In May 1944, 40,000 Polish soldiers attacked and captured the hilltops of Monte Cassino, bringing to a close the largest, bloodiest battle fought by the western Allies in the Second World War. Days later the Allied armies marched into Rome seizing the first Axis capital. No-one in 1939 could have foreseen an entire Polish Corps engaged on the Italian Front. Most had been held prisoner in the USSR following Polands defeat and their release by Stalin was only achieved through the intense negotiations of British and Polish politicians generals, notably Sikorski and Anders,. The Polish Army was evacuated to Iran in 1942 and subsequently incorporated into the British Army as the Polish II Corps. Their ultimate post-war fate was shamefully ignored until too late. This book, which charts the extraordinary wartime story of the exiled Polish Army in the east, makes extensive use of undiscovered archive material. It reveals in depth the relations between the British and Polish General Staffs and the never ending hardships of the Polish soldiers.
Martin Williams was born in Plymouth and educated at the University of Gloucestershire graduating in Landscape Architecture. He has spent the last fifteen years at sea as a Deck Officer in the Merchant Navy where he lived and worked with a great variety of characters from around the world. The tales from the Polish crews inspired him to find out more concerning past relations between Britain and Poland. Upon uncovering aspects of the Polish II Corps he began to explore their history in depth, and this book is the culmination of nine years work.
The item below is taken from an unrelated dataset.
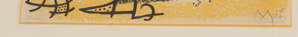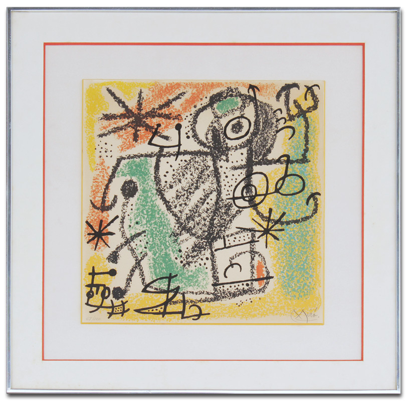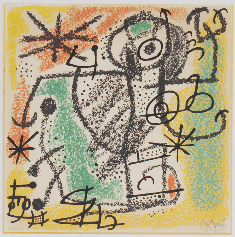 MIRO, Joan, (Spanish, 1893-1983): ''The Essences of the Earth'', 1968, Lithograph, signed in pencil lower right, #'d 68/100 lower left, encased in fine contemporary frame, 16 1/2'' x 16 1/4''.

A very solid and easy-to-follow war history. I wanted to learn more about my grandfather, who served in the 5th Carpathian Rifle Battalion after being deported to Siberia from Lwów. Although there wasn't much information about his specific battalion's movements at Monte Cassino, the record of their exploits at Piedmonte brought me to tears-- this coupled with an old photograph in my possession of an utterly destroyed tank, with his handwriting on the back reading "below piedmonte" in chicken-scratch Polish.
I'm utterly humbled and horrified to catch a glimpse of what he went through, and the echoing trauma of alcoholism in my family has new context. War is terrible. I'm so lucky to be here.